While the proposed AILD mentions autonomy as a problem in understanding the system—in Recitals 3, 27, and 28— it does very little to make it easier for injured parties to establish a presumption of causality. An injured party will still face a heavy burden of proof under the AILD: from providing evidence in support of the plausibility of the claim (Article 3(1)) to identifying non-compliance with the AIA requirements (Article 4(1)(a)), and demonstrating a link between the action of the AI system and the damage sustained (Article 4(1)(c)). It might be also quite arduous to prove non-compliance with the requirements set out in the proposed AIA. For instance, it may not be easy to prove that the datasets used in the development of an AI system, or the accuracy levels of given system are indeed inadequate. Hence, the proposed AILD, at best, provides very limited procedural ease for injured parties. More needs to be done to facilitate effectively the mechanism of redress available to victims of AI harm.

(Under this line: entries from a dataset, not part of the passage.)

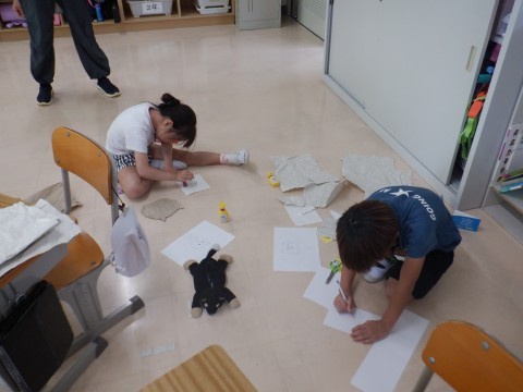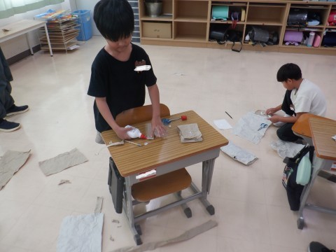 ボンドで袋状にくっつけたり,手足をつけたりしていました。集中して「お友だち」を作っていました。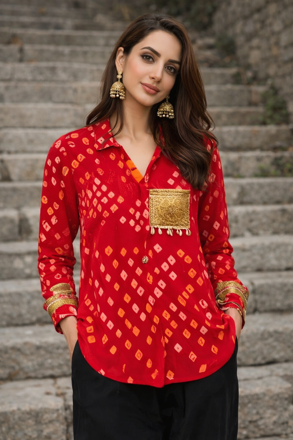 A vibrant celebration of traditional craft and modern elegance, the Red Bandhani Shirt brings timeless artistry into a contemporary silhouette. Crafted in rich red Bandhani fabric, this piece features delicate tie-dye motifs that reflect the heritage textile traditions of Rajasthan and Gujarat.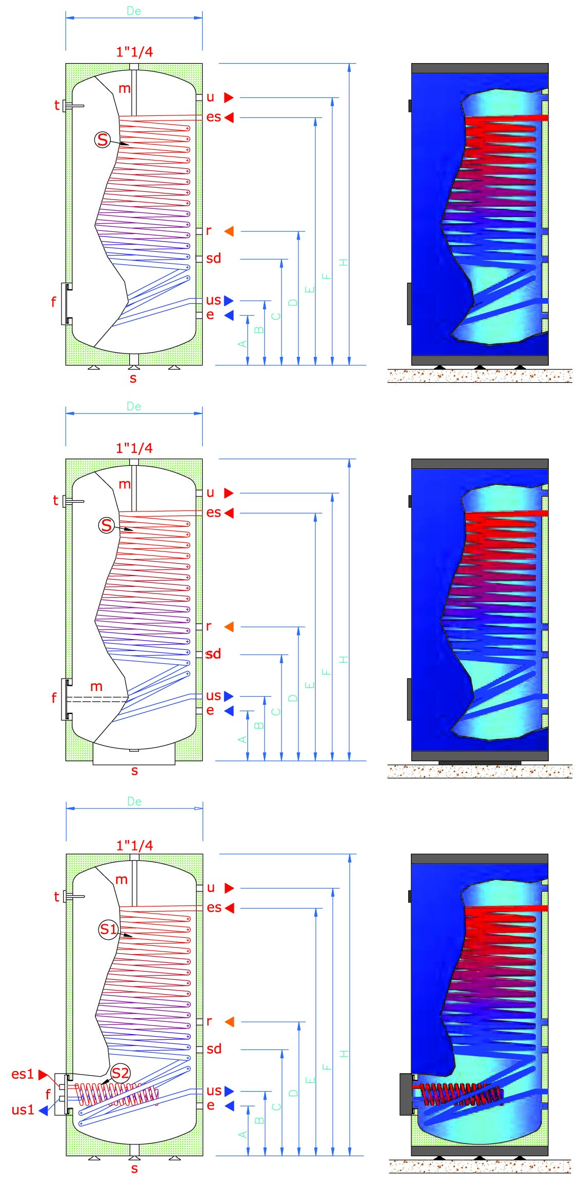 | Modelo | Código | Precio / Unidad (€) | Capacidad (l) | Dimensión A (mm) | Dimensión B (mm) | Dimensión C (mm) | Dimensión D (mm) | Dimensión F (mm) | Dimensión G (mm) | Dimensión H (mm) | De | Peso (kg) | Ø Conexiones e | Ø Conexiones u | Potencia 1 (kW) | Potencia 2 (kW) |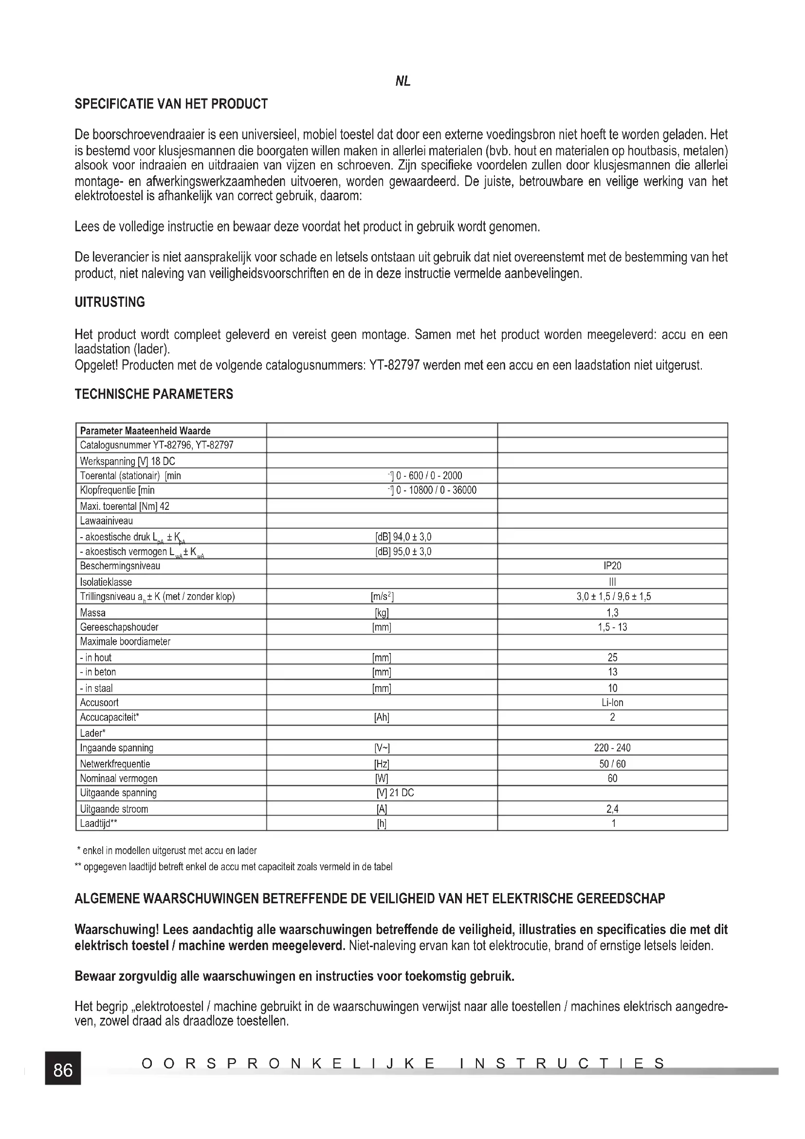 - enkel in modellen uitgerust met accu en lader ** opgegeven laadtijd betreft enkel de accu met capaciteit zoals vermeld in de tabel ALGEMENE WAARSCHUWINGEN BETREFFENDE DE VEILIGHEID VAN HET ELEKTRISCHE GEREEDSCHAP Waarschuwing! Lees aandachtig alle waarschuwingen betreff ende de veiligheid, illustraties en specifi caties die met dit elektrisch toestel / machine werden meegeleverd. Niet-naleving ervan kan tot elektrocutie, brand of ernstige letsels leiden. Bewaar zorgvuldig alle waarschuwingen en instructies voor toekomstig gebruik. Het begrip „elektrotoestel / machine gebruikt in de waarschuwingen verwijst naar alle toestellen / machines elektrisch aangedre- ven, zowel draad als draadloze toestellen.87 OORSPRONKELIJKE INSTRUCTIES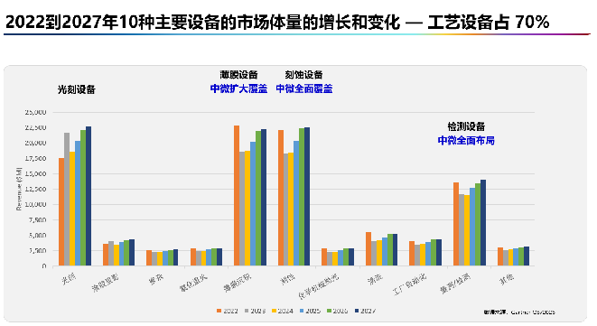 近年来,中微公司正在拓展薄膜设备、检测设备等制造品类,而薄膜设备是光刻机和刻蚀机外的第三大设备市场。该公司布局了薄膜设备中的MOCVD、LPCVD、ALD等设备,根据2024年业绩预告,MOCVD销售额约4亿元,同比下降18%,LPCVD在2024年实现首台销售,全年销售额约2亿元。此外,中微公司还在拓展第四大设备市场的检测设备。

One way to deal with this issue is to use the defect-based remedy under the revised PLD where no fault needs to be proven. However, under the PLD, compensation can be sought only in case of material harm (Article 4(6)). It means that AI systems involved in, for instance, credit-scoring by any financial institution which could harm individuals in a non-physical way could not be challenged on the basis of being defective. In this case, an aggrieved person would have to prove fault through the AILD to receive compensation. Ursula Pachl, the Deputy Director of the European Consumer Organization (BEUC) has already voiced this concern whilst talking about the proposed directives. In this context, the Commission’s approach is more beneficial for developers, some of whom have opposed strict liability against immaterial damage during the preparation of these proposals. In addition to this hinderance, the PLD also requires claimants to prove the likelihood that harm was done due to the defect of the system to avail the presumption of defectiveness (Article 9). This raises a question about the parameter of such likelihood that a claimant must meet, especially when a given system is too complex to understand.
The Commission’s proposed AI liability directives primarily make it easier to seek information about AI systems to establish liability. This, in a way, hardwires transparency requirement for AI systems which is also contained in the proposed AIA. However, while doing so, the proposed liability directives also burden claimants with some tricky obstacles to overcome; be it having to establish the fault or presumptions of defectiveness and causality, and the nexus between the harm and defect or fault, which can be found in the AILD and PLD. The Commission’s proposals are at the initial legislative stage and will likely go through various modifications before their final adoption. Moreover, potential modifications in the proposed AIA might also still change the implementation of the proposed liability directives since the directives rely on the definitions and requirements set out in the AIA. The legislative efforts towards establishing AI liability are an important step in the right direction to regulate AI effectively. However, it remains imperative to be cautious of the complexities involved in AI systems especially when the goal is to protect injured parties.